A sessão da comissão mista que analisa a medida provisória do fim da “taxa das blusinhas” foi aberta nesta segunda-feira (31), mas a votação do relatório foi remarcada para terça-feira (1º), às 10h.
A Medida Provisória 1.357/2026 permite zerar o imposto de importação para compras internacionais de até 50 dólares, a chamada popularmente de “taxa das blusinhas”.
Acompanhe a comissão que vota o fim da taxa das blusinhas
Governo inclui monitoramento da indústria na MP que zera taxa das blusinhas; votação vai para terça
A principal novidade do relatório da senadora Leila Barros (PDT-DF) à Medida Provisória 1.357/2026 é a criação de um mecanismo de avaliação periódica dos efeitos da desoneração sobre o setor produtivo brasileiro. Pelo desenho apresentado, o Ministério da Fazenda fará um acompanhamento trimestral no início e, depois, semestral.

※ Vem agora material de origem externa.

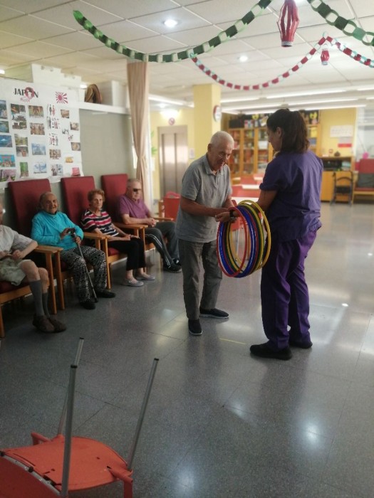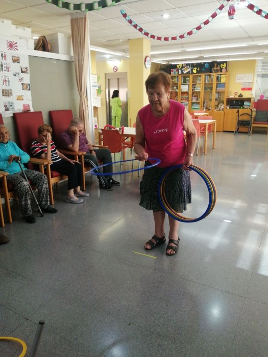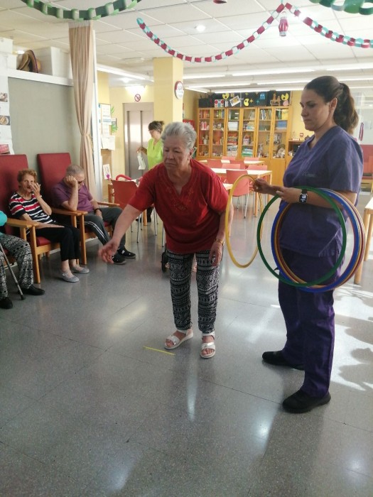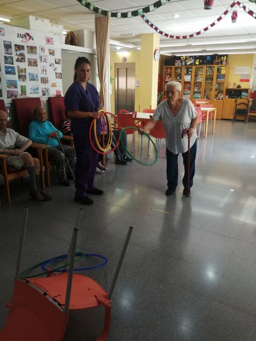 Hoy en la taller físico funcional realizamos la actividad con aros que consiste en acertamos en un sitio determinado. Esta dinámica lúdica nos permite trabajar la coordinación motriz, el equilibrio y la precisión en los movimientos.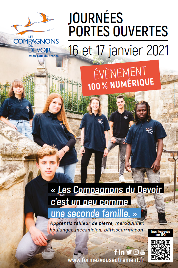 L’objectif de ces Journées Portes Ouvertes est de découvrir le mode de formation original proposé par les Compagnons du Devoir et de prendre connaissance des nombreux métiers proposés par l’association, grâce aux webinaires dispensés en ligne.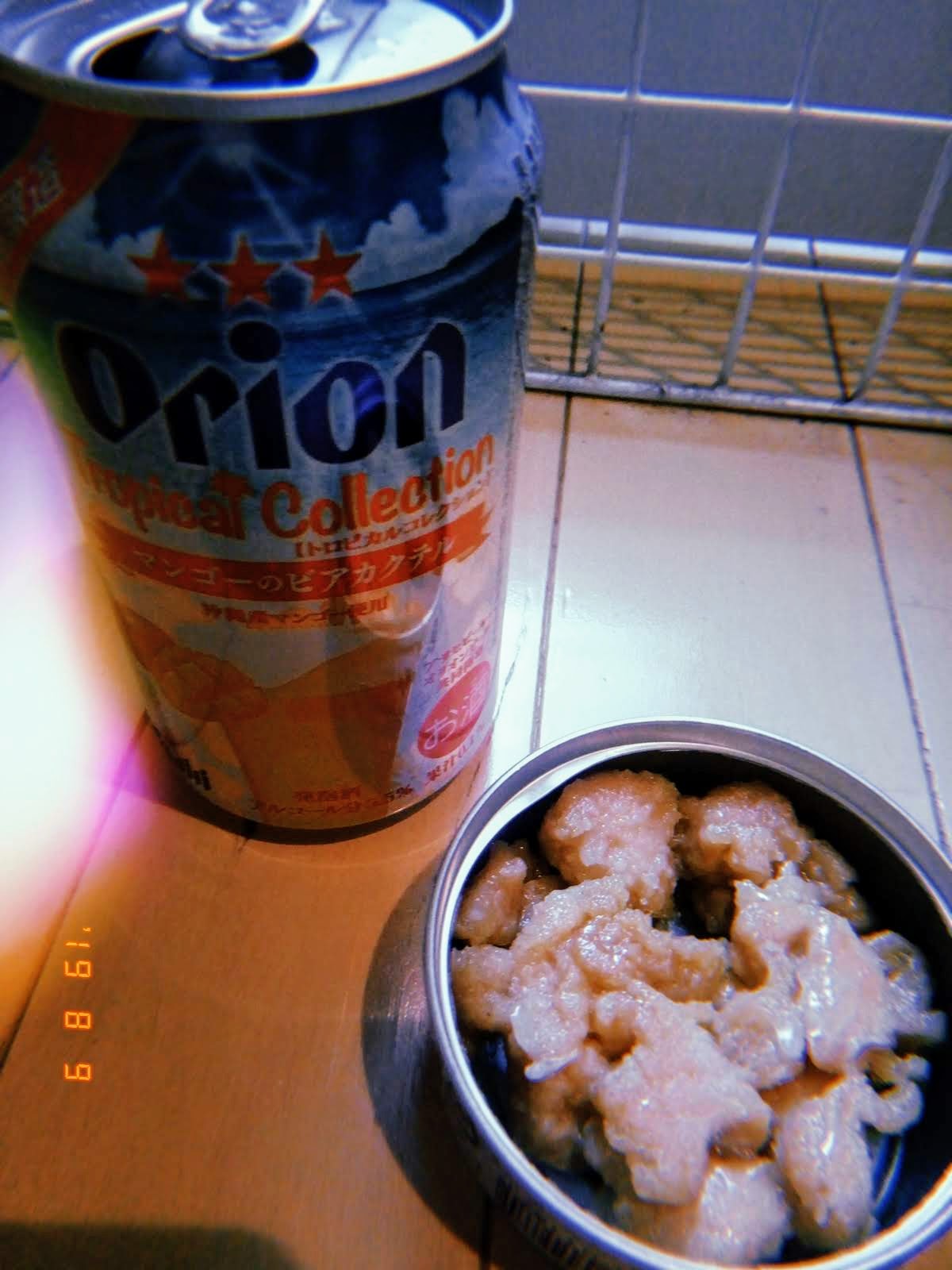 マンゴービアカクテルとからあげの缶詰めでーす。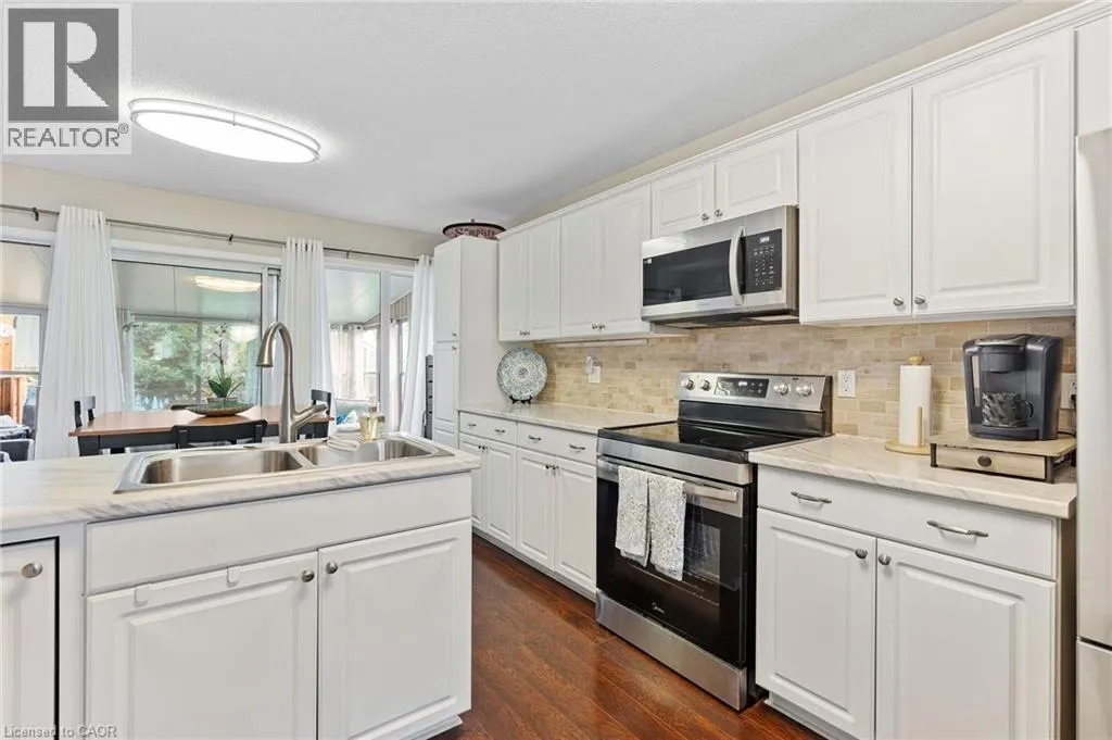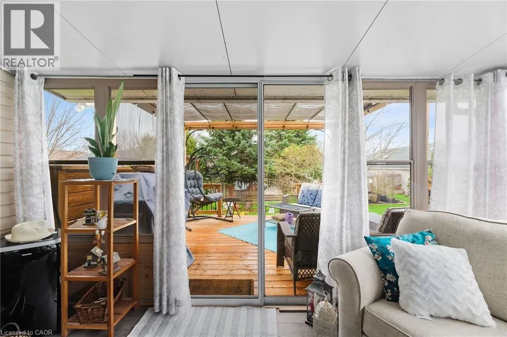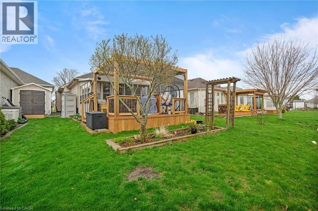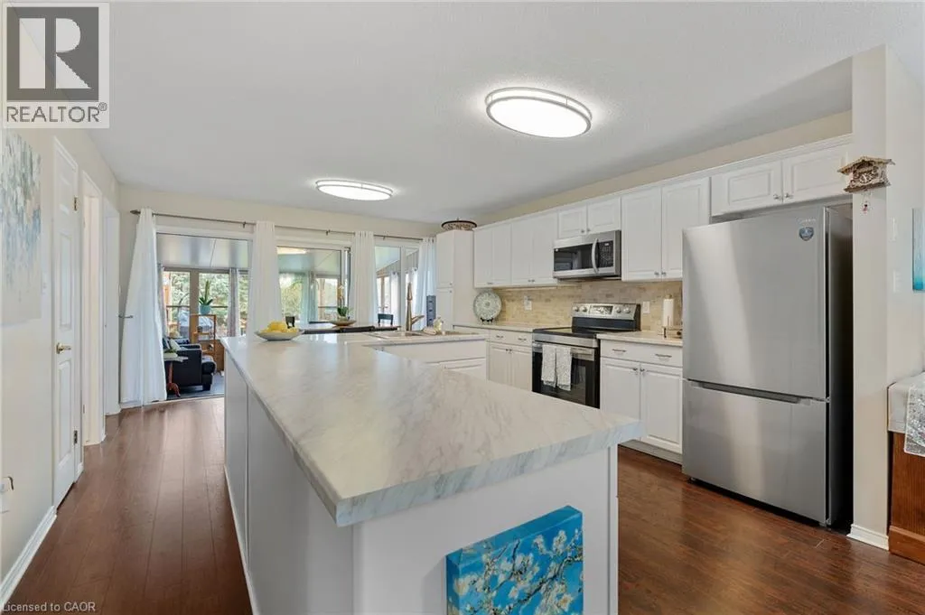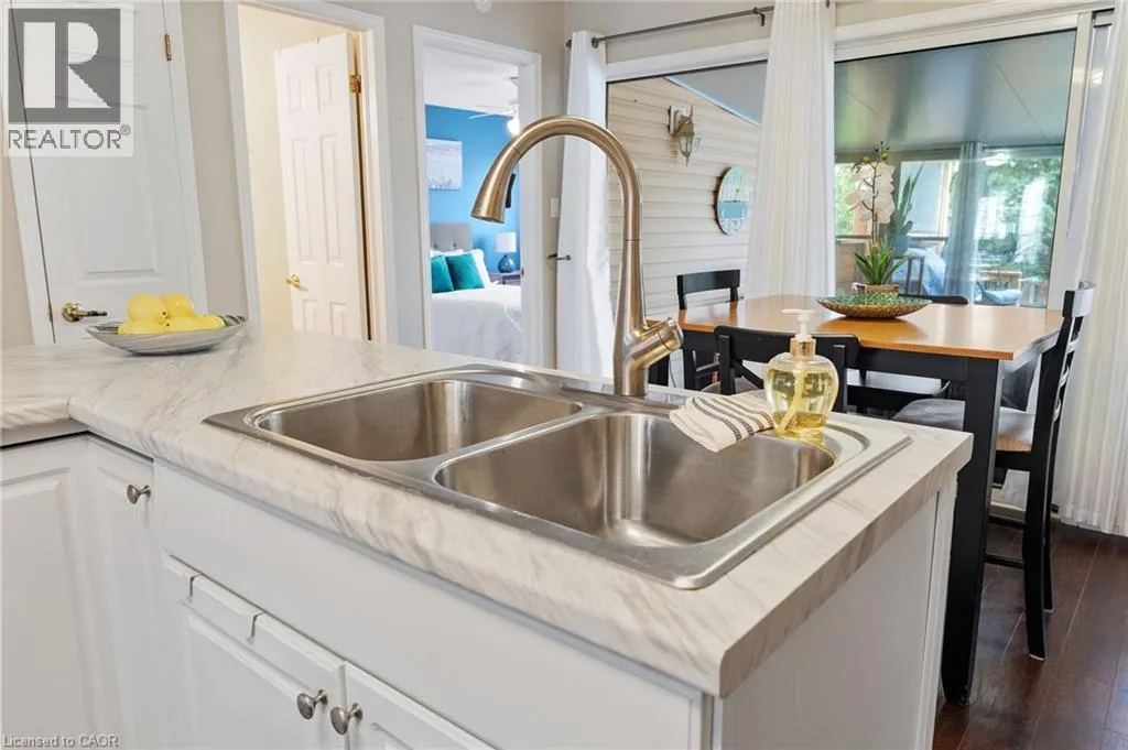 Turn on Long Point Blvd from Bay Street, close to clubhouse. Bright & Updated 2-bed 2-bath Bungalow w Garage & 2-car driveway, Sunroom, front porch & newer deck. Well-located steps from pool, hot tub,sauna,billiards,party room w stage & kitchen,gym, media room, library, workshop, craftroom, and outside patio with BBQ at the Villages of Long Point Bay Club House. Enjoy the sounds of the water feature & green park views from your lovely back deck and landscaped gardens. The Club's common 8 acres incl: a lovely walking path, bocce ball, shuffleboard, lawn bowling, pickleball, community garden, gazebo, and picnic area. Enjoy open concept living in this lovely carpet-free home with laminate flooring: living room with brick gas fireplace and large windows; dining room w/ modern chandelier on dimmer, updated kitchen features new stainless steel microwave,fridge & stove, dishwasher, giant party-sized island, expansive white cupboards, and an eat-in area; updated bathrooms - 2PC and 4PC with walk-in tiled shower & solar tube; separate room main floor laundry; large master bedroom with double length closet and large windows facing backyard; 2nd bedroom with large closet and window; walk-out to garage from laundry; walk-out to 3-season room from kitchen; walkout to recently built large deck from sunroom. Take a minute to enjoy the serene backyard and views. The garage includes built-in ceiling storage, handy for storing suitcases and seasonal items. The 3-season room has a portable heater/A/C making it usable year-round. Port Rowan is a hidden gem featuring a marina, lakeside park, several summer festivals and markets, grocery stores, gas station, pharmacy, liquor store, worship, hardware, restaurants, clothing stores, ice cream shoppe, library, medical professionals, and most recently a Tim Hortons! Known for bird conservation area, hiking, fishing and watersports, Port Rowan is just a short drive to Long Point Beach, and nearby towns such as Turkey Point, Simcoe, Port Dover, Tilsonburg and Delhi. (id:27476)

Os dados coletados darão transparência aos impactos da medida e poderão embasar futuras ações do governo, caso sejam identificados efeitos relevantes sobre a indústria nacional.
O dispositivo atende parcialmente às preocupações da Confederação Nacional da Indústria (CNI), que divulgou estudo apontando risco para mais de 100 mil empregos caso a isenção seja mantida. O presidente da comissão mista, deputado Reginaldo Lopes (PT-MG), afirmou que o texto está sendo construído com diálogo. “Estamos estudando esses dados e se é necessária alguma medida para reduzir os impactos econômicos”, disse o parlamentar.
A senadora Leila Barros acertou a versão do relatório em reunião no Palácio do Planalto com membros do governo. “Vamos manter o texto-base da MP e incluir, a partir de uma demanda do setor produtivo, um mecanismo para que o Ministério da Fazenda avalie periodicamente os impactos da medida, dê transparência a esses dados e, caso sejam identificados efeitos relevantes, possa propor futuramente medidas de mitigação”, afirmou Leila.
O que é a MP do fim da taxa das blusinhas
A Medida Provisória 1.357/2026, publicada em maio deste ano, zera o Imposto de Importação sobre compras internacionais por remessas de até 50 dólares. Para compras acima desse valor e até 3 mil dólares, a taxa é de 30% com um desconto fixo de 20 dólares.
O imposto de importação sobre compras internacionais de até 50 dólares passou a valer em 2024, com apoio da indústria, que alegava concorrência desleal dos produtos importados, especialmente calçados e têxteis. Com a MP, o governo reverteu a cobrança.

A proposta recebeu 112 emendas de parlamentares. Entre elas, há as que aumentam a isenção para 100 dólares, as que permitem a isenção apenas para produtos sem similar nacional, e as que criam regimes de compensação para a indústria nacional.
Para o presidente da comissão, deputado Reginaldo Lopes (PT-MG), a isenção representa justiça tributária. Ele comparou a medida à isenção para compras feitas em viagens ao exterior: “Os brasileiros com maior poder econômico têm direito a US$ 1.000 nas compras internacionais”, afirmou. “Será que esses brasileiros e brasileiras não têm o direito também de ter acesso a compras internacionais, ampliação de acesso para o consumo até 50 dólares, sendo que a média é em torno de menos de 20 dólares?”
A expectativa é que, após a votação na comissão mista na terça-feira, a matéria seja apreciada nos plenários da Câmara e do Senado ainda nesta semana, antes que a MP perca a validade em 8 de setembro. As medidas provisórias entram em vigor imediatamente, mas precisam ser aprovadas pelo Congresso para continuar valendo.